On 26/03/2019 18:44, Edward Cree wrote:
On 26/03/2019 18:05, Jiong Wang wrote:
eBPF ISA specification requires high 32-bit cleared when low 32-bit
sub-register is written. This applies to destination register of ALU32 etc.
JIT back-ends must guarantee this semantic when doing code-gen.
x86-64 and arm64 ISA has the same semantic, so the corresponding JIT
back-end doesn't need to do extra work. However, 32-bit arches (arm, nfp
etc.) and some other 64-bit arches (powerpc, sparc etc), need explicit zero
extension sequence to meet such semantic.
This is important, because for code the following:
u64_value = (u64) u32_value
... other uses of u64_value
compiler could exploit the semantic described above and save those zero
extensions for extending u32_value to u64_value. Hardware, runtime, or BPF
JIT back-ends, are responsible for guaranteeing this. Some benchmarks show
~40% sub-register writes out of total insns, meaning ~40% extra code-gen (
could go up to more for some arches which requires two shifts for zero
extension) because JIT back-end needs to do extra code-gen for all such
instructions.
However this is not always necessary in case u32_value is never cast into
a u64, which is quite normal in real life program. So, it would be really
good if we could identify those places where such type cast happened, and
only do zero extensions for them, not for the others. This could save a lot
of BPF code-gen.
Algo:
- Record indices of instructions that do sub-register def (write). And
these indices need to stay with function state so path pruning and bpf
to bpf function call could be handled properly.

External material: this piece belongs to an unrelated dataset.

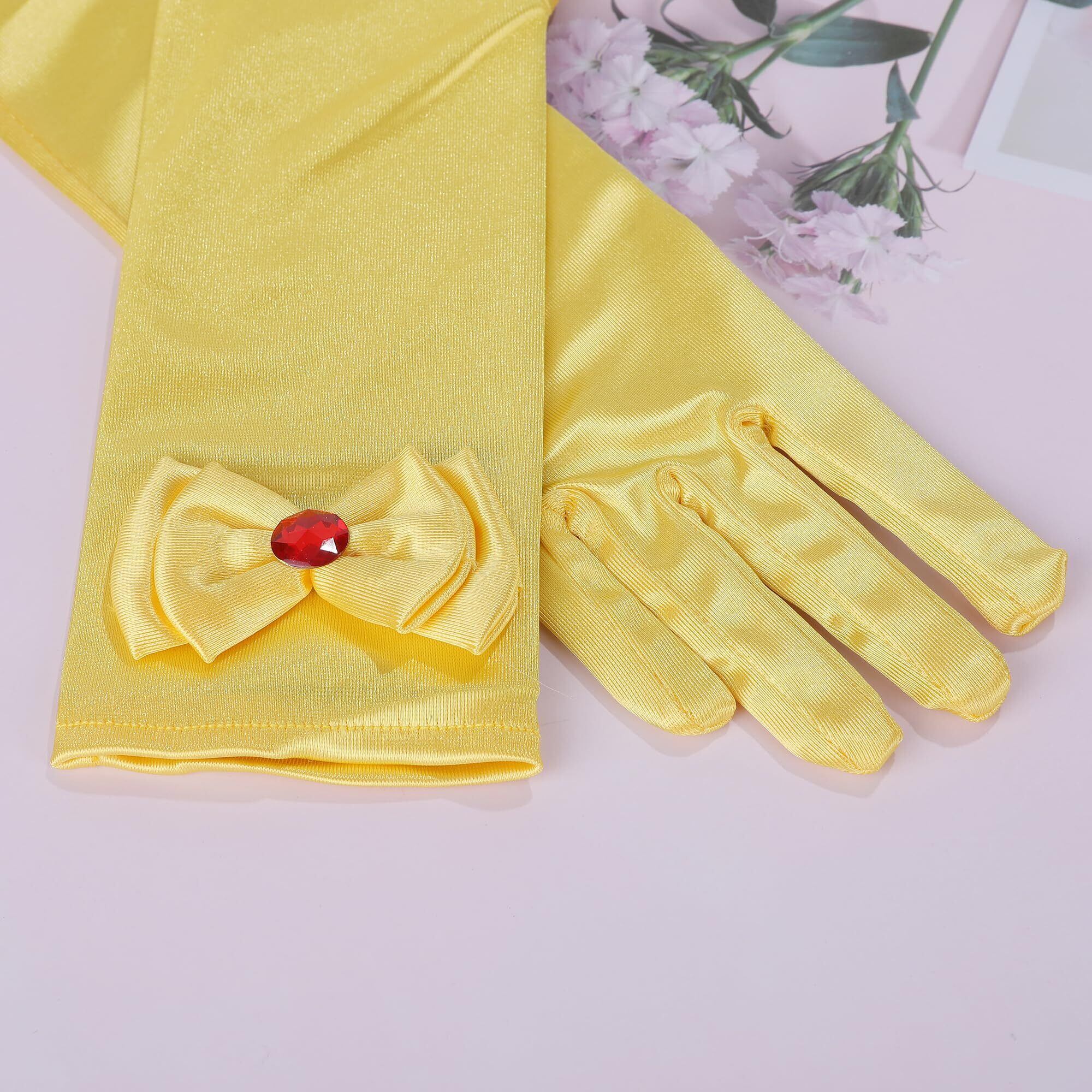 手袋の素材:ポリエステル サテン(伸縮性あり)。ベルドレス風、ラプンツェル風、ソフィア風、オーロラ姫風、エルサ風 いろいろ取り揃えています。

These indices are kept up to date while doing insn walk.
- A full register read on an active sub-register def marks the def insn as
needing zero extension on dst register.
- A new sub-register write overrides the old one.

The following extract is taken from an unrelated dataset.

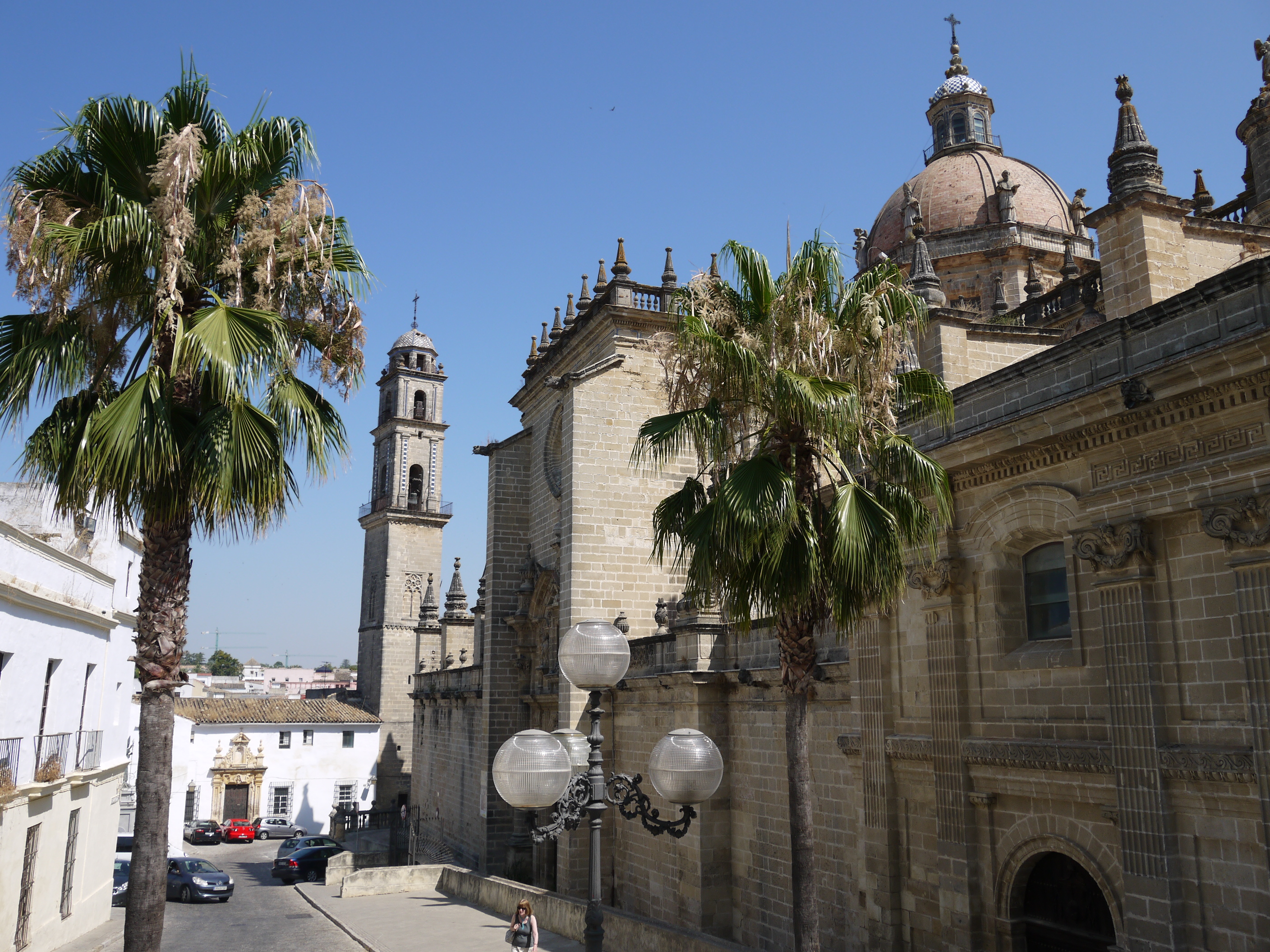 Jerez de la Frontera, ville célèbre pour son vin, le « sherry » tant aimé des anglais qui ont fait sa renommée. Nous on n’a pas trop aimé le Jerez, ni le sec ni le doux ! Seul le brandy et le vinaigre nous ont convaincus ! Mais avant la bodega, voici un aperçu de la ville et son Alcazar, bien plus petit que celui de Séville mais joli.

A new full register write makes the register free of zero extension on
dst register.
- When propagating register read64 during path pruning, it also marks def
insns whose defs are hanging active sub-register, if there is any read64
from shown from the equal state.
Reviewed-by: Jakub Kicinski <jakub.kicinski@xxxxxxxxxxxxx>
Signed-off-by: Jiong Wang <jiong.wang@xxxxxxxxxxxxx>
---
include/linux/bpf_verifier.h | 4 +++
kernel/bpf/verifier.c | 85 +++++++++++++++++++++++++++++++++++++++++---
2 files changed, 84 insertions(+), 5 deletions(-)
diff --git a/include/linux/bpf_verifier.h b/include/linux/bpf_verifier.h
index 27761ab..0ae9a3f 100644
--- a/include/linux/bpf_verifier.h
+++ b/include/linux/bpf_verifier.h
@@ -181,6 +181,9 @@ struct bpf_func_state {
*/
u32 subprogno;
+ /* tracks subreg definition. */
Ideally this comment should mention that the stored value is the insn_idx
of the writing insn. Perhaps also that this is safe because patching
(bpf_patch_insn_data()) only happens after main verification completes.
OK, will add more comments for this.
Regards,
Jiong